View Full Version : Question for Rob, Erick or Denny...
November 29, 2007, 06:36 PM
Or anyone else who has an opinion on this. Regarding stovepipe stoppages I have seen many training dvds or articles from many well respected trainers who advocate tap, roll ,rack (as per type 1 stoppage ) to clear the problem. I like this idea of commonality, however many trainers that I have great respect for ( kelly mccann for one ) counsel against this on the grounds it may cause a double feed. I have set up stovepipes using orange safety rounds to experiment but have not been able to induce a double feed. I can't see how the slide can come forward far enough ( at least when round is trapped straight up or to the side and not some bizzare way ) to strip new round from magazine feed lips initially, something which would have to happen if racking slide again was going to cause double feed. Do you gentlemen have any empirical evidence as to probability of causing a double feed by utilising tap,roll,rack and what method do you use/recommend. Thanking everyone in advance for their suggestions as I am somewhat confused :confused: at present.

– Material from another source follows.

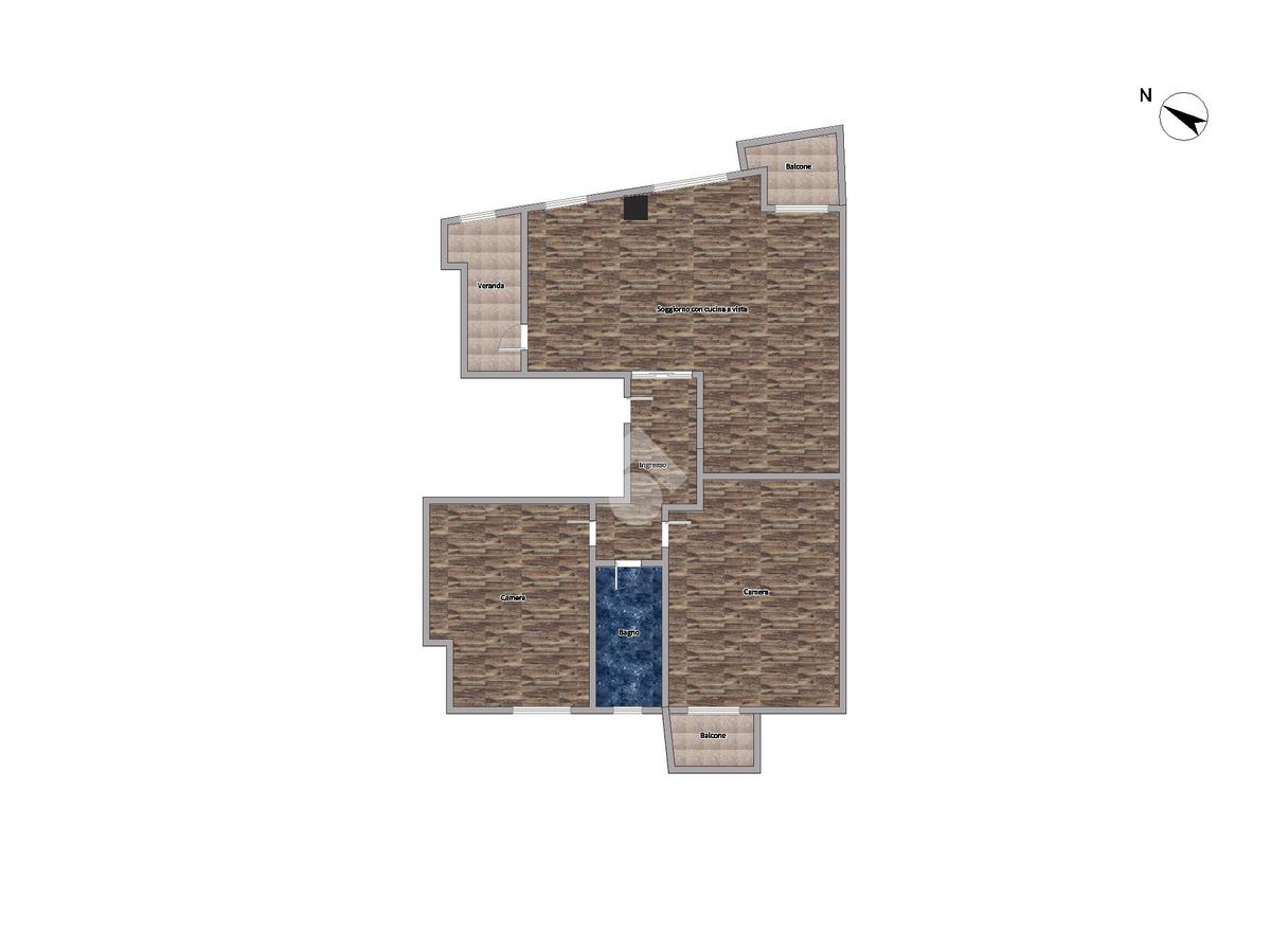 L'ingresso divide la zona giorno dalla zona notte: nella prima troviamo il soggiorno servito dal balcone e la cucina a vista con accesso al comodo locale lavanderia; nella seconda, invece, troviamo le due camere da letto matrimoniali, di cui una con balcone, ed il bagno finestrato con doccia.

November 30, 2007, 01:39 AM
I cannot think of seeing a double feed induced by simply tapping and racking (with or without the roll) in response to a stove pipe.
I teach to address any malfunction that starts with a normal trigger actuation and doesn't result in a round being fired with a Tap-Rack as an immediate action drill and only add other steps if necessary. This works well over 90% of the time with real failures to fire, failure to feed and stovepipes. The most common reason to do anything else comes from a failure to extract caused by something like a ripped case rim or broken extractor. The Tap-Rack will them induce a double feed, which necessitates additional action.
I have frequently pointed out that if you happen to notice the stove pipe in the process of getting to the rack, that you might consciously "sweep" the stove-piped case out of the way as you get your hand into position to rack. This is not a necessary step, and it would require looking at the gun at the moment of the Failure to Fire if it were going to be doctrine.
I, like you, prefer commonality. Consistency in our mechanical techniques leads to greater efficiency in our abilities.
Thanks for asking!
November 30, 2007, 02:03 AM
Thanks for your reply. The only way people like me can access information from world class instructors like yourself ( short of an expensive trip to the US ) is to make use of forums frequented by quality trainers and experienced shooters in general. For this reason ANY input I receive is very much appreciated.